DBT, also known as dihydrolipoyltransacylase (also known as dihydrolipoyl transacylase or lipoamide acyltransferase), is a gene that encodes the E2 subunit of the branched-chain alpha-keto acid dehydrogenase (BCKDH) complex. This complex is a mitochondrial enzyme involved in the catabolism of branched-chain amino acids (BCAAs) - leucine, isoleucine, and valine.

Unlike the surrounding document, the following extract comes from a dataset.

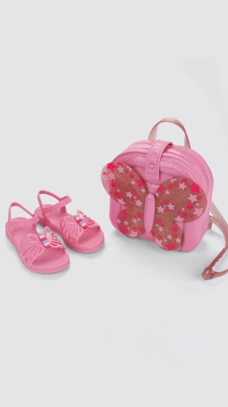 Mochila temática: acompanha linda mochila rosa com aplicação de borboleta decorada com estrelas, ideal para carregar brinquedos, acessórios ou pequenos objetos.

The BCKDH complex is comprised of three catalytic components: E1 (branched-chain alpha-keto acid decarboxylase), E2 (dihydrolipoyltransacylase), and E3 (dihydrolipoyl dehydrogenase). The DBT gene specifically provides instructions for making the E2 component. The E2 component acts as a core structural component, providing the binding site for E1 and E3 and also catalyzes the transacylation reaction in the BCAA catabolic pathway.

Mutations in the DBT gene can lead to Maple Syrup Urine Disease (MSUD), a rare inherited metabolic disorder characterized by the accumulation of BCAAs and their corresponding alpha-keto acids in the blood and urine. MSUD can result in neurological damage, feeding difficulties, and if left untreated, can be fatal. Different mutations in the DBT gene can result in varying degrees of enzyme deficiency and therefore, different severities of MSUD.

The DBT gene is located on chromosome 1 at position 1p31.1. Several transcript variants encoding different isoforms have been found for this gene.